Ana Forman is from Orinda, CA and attended the University of California, Davis. As a Washington, DC Corps member she is working as a Volunteer Coordinator and HIV Prevention Educator at Metro TeenAIDS which works to prevent the spread of HIV/AIDS through outreach and education and identify, treat, and improve the lives of those who are already infected.
I am not good at sharing. I have never shared a room, I don’t share my clothes, and most of all I don’t share my feelings.
Seven weeks ago I sat in a circle in the middle of Washington, DC with nine other young, Jewish, social justice soldiers wanting to run as fast as I could back to California. My fear of sharing took over immediately and I became paranoid that my new housemates were compulsive sharers. To my right I saw the person who would borrow MY clothes without asking. To my left was the person who would share MY room. How could I possibly stay sane while sharing a house with nine people? And that was only the first day.
The day after move-in we were thrust into orientation – a week of sharing everything from the last vegetarian sandwich to my personal Jewish history. By day three of AVODAH I wasn’t so sure the year of social justice I was so excited about would be worth all the sharing I would have to endure. On day five we had our first meeting: it would be a time to share our feelings about sharing food. The phrase ‘system overload’ took on new meaning. I couldn’t share anymore. I didn’t want to share my food, I didn’t want to share my space, and I didn’t want to share my feelings about any of it. Communal living…whatever.
After all the sharing I thought work would be a like a breath of fresh air – there would be no food sharing, no feelings sharing, no housemates. I spent my first day at work learning about my responsibilities as Volunteer Coordinator/HIV Prevention Educator at Metro TeenAIDS. As I read through the binder the past Metro TeenAIDS Avodahnik left for me a heavy brick formed in my stomach. It began to sink in that everyday for the next year I would be working to help prevent the spread of HIV/AIDS in a city where the virus runs rampant, and race and wealth seem to propel it. The coming year working at Metro TeenAIDS would certainly be rewarding and fulfilling, but would not be easy.
The weight of the injustice felt heavy on my shoulders and the last thing I wanted to do after trudging home through the humid streets of DC was cook dinner. I stepped into my Washington, DC AVODAH home and smelled the stirfry (kosher stirfry). We had decided to share food and to share the responsibility of cooking which meant that after my long day at work I did not need to worry about fixing myself dinner. We all sat down together and began to share again. This time I was eager to tell my housemates about my day. I wanted to share my experience at work and to hear about theirs. The day had been tough and viscerally I knew that the only way to ease the experience was to talk about it and listen to my housemates’ experiences, because as Avodahniks we feel the same weight of injustice on our shoulders. That evening I understood Barbara Streisand’s famous lyric “people who need people are the luckiest people in the world”. I needed people, specifically my AVODAH people. At dinner I began to see the person to my left as someone who cared deeply about educating immigrants on their rights and the person to my right as an incredible listener who gave amazing advice.
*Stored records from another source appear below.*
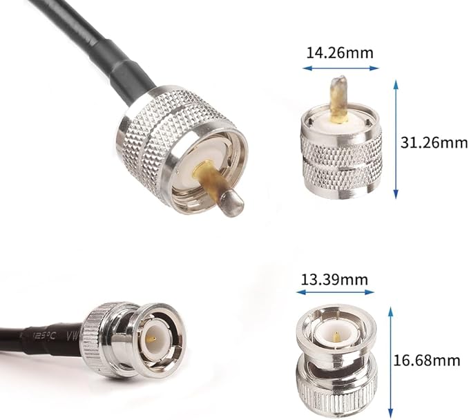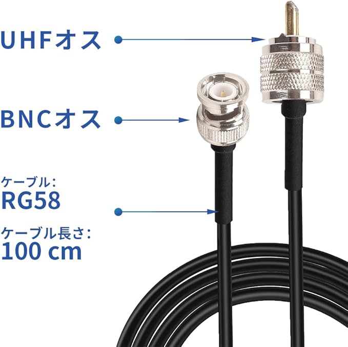 M型 BNCオス ケーブル UHFオス⇔BNCオス コネクター 高耐久 アンテナラジオケーブル 同軸変換ケーブル アンテナ延長線 RG58 1m同軸ケーブル
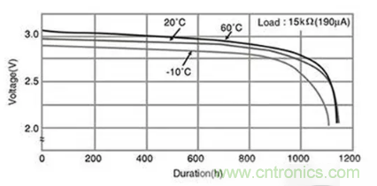 圖5:在190μA的典型無線傳感器平均電流負(fù)載和20°C的工作溫度下,CR2032電池可維持>2.7V電壓1000 小時(shí)。(圖片來源:Panasonic)
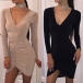 outfitted with long sleeve,deep v-neck,irregular hem and a tight silhouette,this dress knows how to demonstrate your

I signed up to live communally which meant that I signed up to share, and also meant that I signed up for support. In my AVODAH home we share our food and our feelings, our household responsibilities and our experiences. It isn’t always easy to share and in a lot of ways it will be a constant challenge for me, but I understand now that through every kind of sharing we do we support each other. Two months ago I never would have believed that I would write a blog, sharing my feelings with all of the world wide web, but AVODAH and my housemates have taught me that sharing has a cathartic power.